Create Project → Create Evaluation → Import Dataset → Configure Evaluators → Run Evaluation → Analyze Results

Key Features

Project-based Organization: Projects serve as containers for evaluations. Users can create, manage, and share projects, each containing multiple evaluations.
Flexible Dataset Handling: Supports importing data through CSV files (with input-output pairs or input-only data) and production data from deployed model traces.
Streamlined Evaluation Process: Evaluate model performance using out-of-the-box evaluators such as Groundness, Coherence, Toxicity, and more.
Flexibility for Different Data Scenarios: Supports three evaluation scenarios:
- One Input, One Output: Simple, straightforward evaluations.
- One Input, Multiple Outputs: Assess multiple outputs from a single input.
- Input Only: Generate outputs with your production model when only input data is available.

Why Use Evaluation Studio?

Streamlined Workflow: Manage projects, upload data, perform evaluations, and track results—all in one place.
Customizability: Define evaluation criteria to suit specific needs, from simple to complex use cases.
Collaboration: Share projects with collaborators, supporting team-based model evaluation in a centralized environment.
Continuous Improvement: Run regular evaluations to track model performance over time and drive ongoing optimization.
Seamless Integration: Import data from deployed production models and export custom trace data for further analysis.

User Journey

The following outlines the key actions at each stage of the Model Evaluation workflow:

Create a project — Log in to the Platform, go to Evaluation Studio, and create a project under Model Evaluation.
Create an evaluation — Create an evaluation within your project to organize session data.
Import a dataset — Upload a CSV dataset or import production data for evaluation.
Configure evaluators — Choose Quality, Safety, or RAGAS evaluators and map prompt variables to dataset columns.
Run an evaluation — Trigger the evaluation against your dataset and selected evaluators.
View evaluation results — Review evaluator tiles in Evaluation Insights with color-coded visual indicators.
Export evaluation results — Export the evaluation table as a CSV for offline analysis.

Projects

In Evaluation Studio, projects act as the core containers for organizing evaluations. Each project can store multiple evaluations, and each evaluation contains a distinct dataset.

Roles and Permissions

Roles and permissions determine who can access and modify projects and evaluations.

Role	Capabilities
Admin	Full access to create, modify, and delete projects and evaluations. Can manage user permissions and invite new users.
Editor	Can create and modify evaluations within a project, but cannot manage users or project-level settings.
Viewer	Read-only access — can view all evaluations, scores, score explanations, and evaluator properties.
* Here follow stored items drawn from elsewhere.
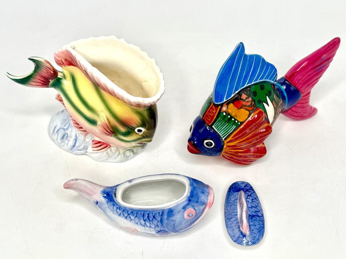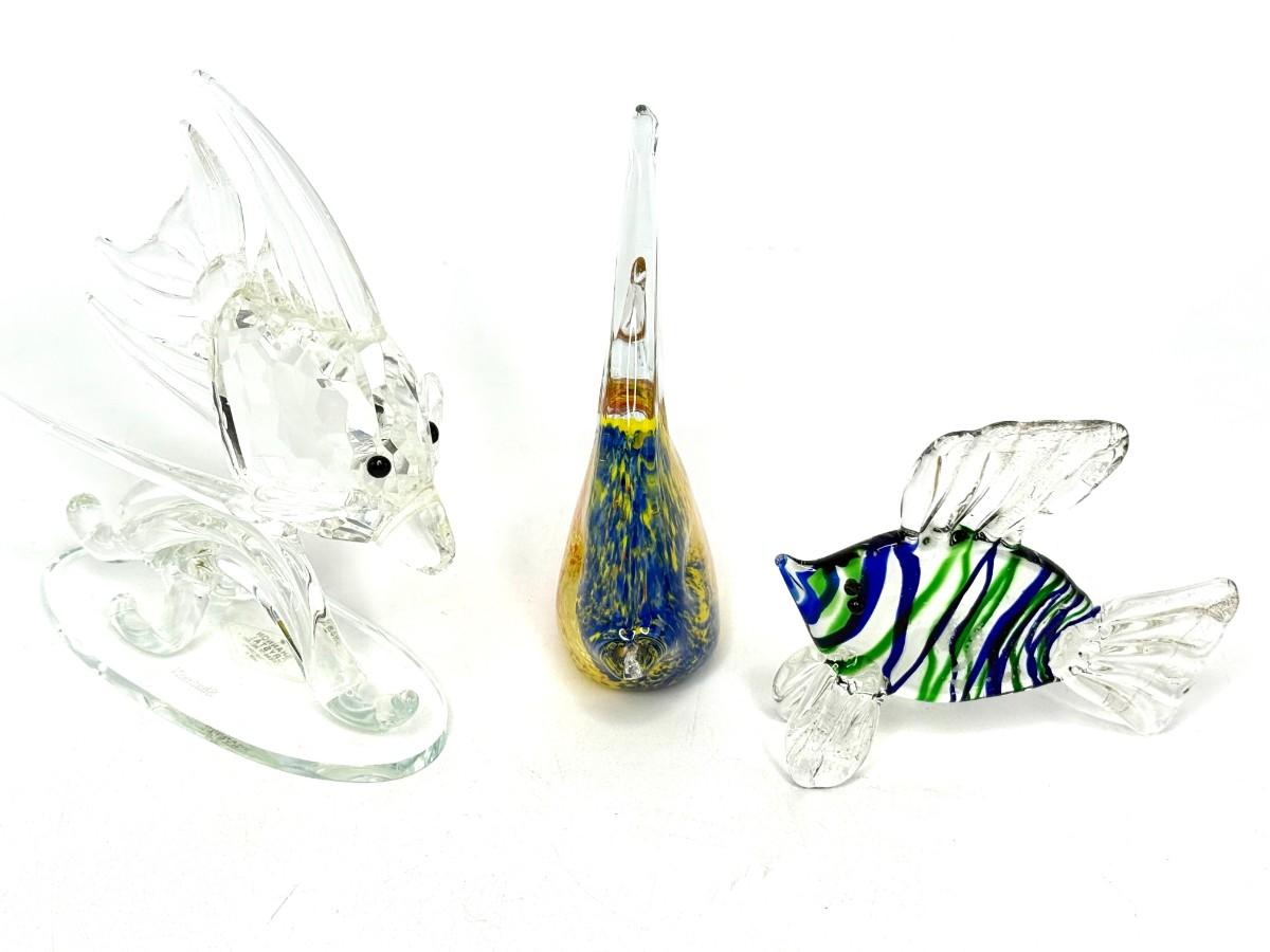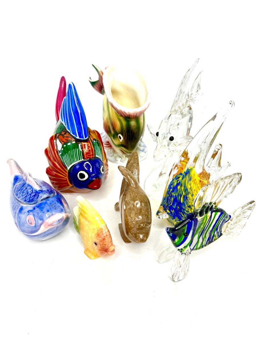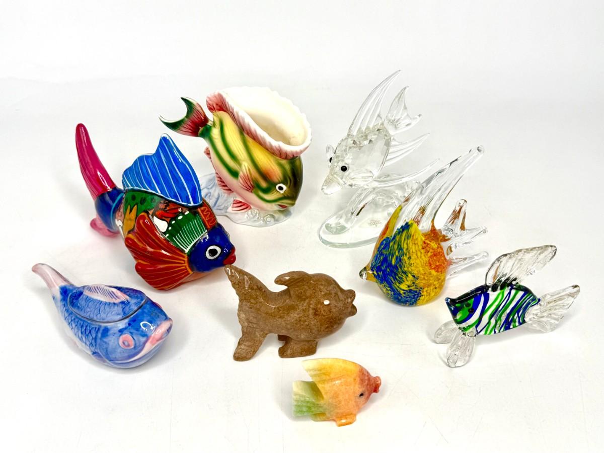 Fish Figurine Lot - Blown Glass, Crystal, Pottery, Stone
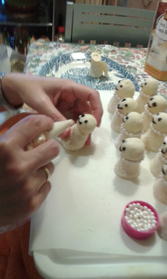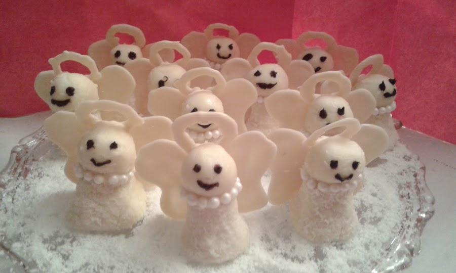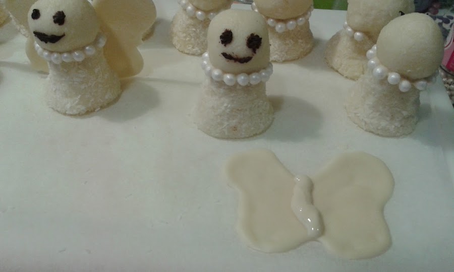 Cuándo estén todos "emperladosss", le ponemos las alas y la aureola. Para ello le ponemos a la parte frontal del ala una hilera de chocolate blanco para pegarlo a la espalda del angelito, con suma delicadeza.
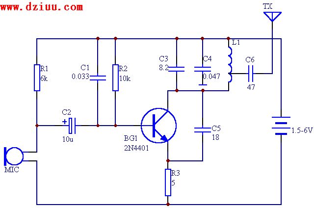 電路介紹:本電路在本人在網上發現的一個簡單微型無線調頻話筒,供電電壓也很低,只要1.5V就可以工作,且發射距離也很遠,可以達到30M左右,你也可以將供電電壓改為6V供電,發射距離還可以達到100M左右,元器件的選擇會影響到頻率的穩定性,
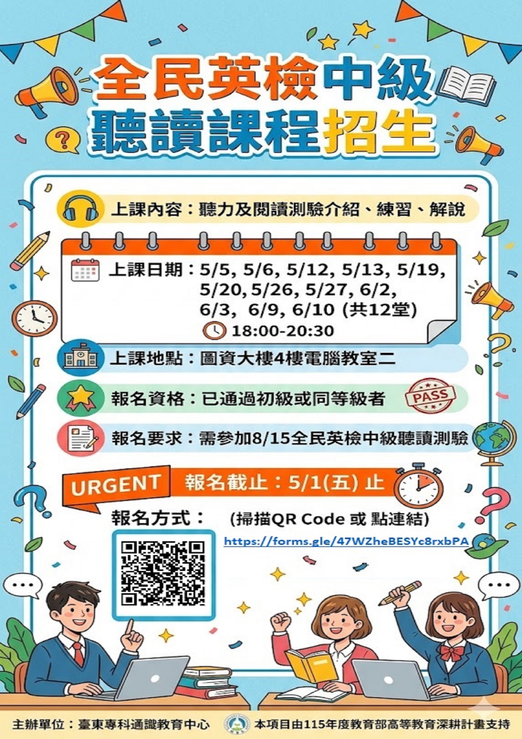 報名要求: 需參加8/15全民英檢中級聽讀測驗
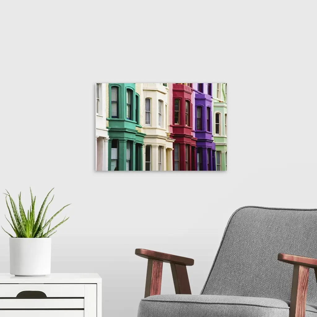 Colourful residential buildings in a row, Notting Hill, London, England wall art for home and office decor. Discover canvas art prints, photos, mural, big canvas art and framed wall art in GreatBigCanvas.com's varied collections.

Note: Permissions are applied consistently across all evaluations within a project. Users invited to a project have access to all evaluations within it based on their role. Users cannot be invited at the evaluation level.

Creating a New Project

Steps to create a new project:

Navigate to Model Evaluation.
On the Projects tab, click New Project.
In the Create a new project dialog, enter a name for the project (maximum 100 characters).
Click Create. The system redirects you to the newly created project’s main page.
Click the More options icon (three dots) in the project row to manage it:
- Rename — Change the project name.
- Delete — Permanently delete the project and all its associated evaluations and datasets.
- Share — Share the project with other users by providing email addresses or user identifiers.

Evaluations

Evaluations are central components within a project where users can test model performance against datasets. Each evaluation resides within a project and includes one dataset. The dedicated evaluations structure within projects eliminates the need to rename uploaded datasets—users can directly name the evaluation for the use case.

Creating an Evaluation

Steps to create an evaluation:

Navigate to Model Evaluation.
Click the Projects tab and select the relevant project.
To create a first evaluation, click Create evaluation.
If evaluations already exist for the project, click New evaluation in the Evaluations section.
In the Create evaluation dialog, enter a name for the evaluation and click Done. The system redirects to the Import dataset page.
To manage an existing evaluation, click the three-dot icon in its row:
- Rename — Change the evaluation name.
- Delete — Delete the evaluation.

Import Datasets

Evaluation Studio provides a flexible approach for importing and managing datasets. There are several ways to bring data into the platform:

Import a dataset — Upload datasets in CSV format containing input-output pairs or input-only data.
Import production data — Import data from real-time deployed models with filters for date range, source, and specific columns from model traces.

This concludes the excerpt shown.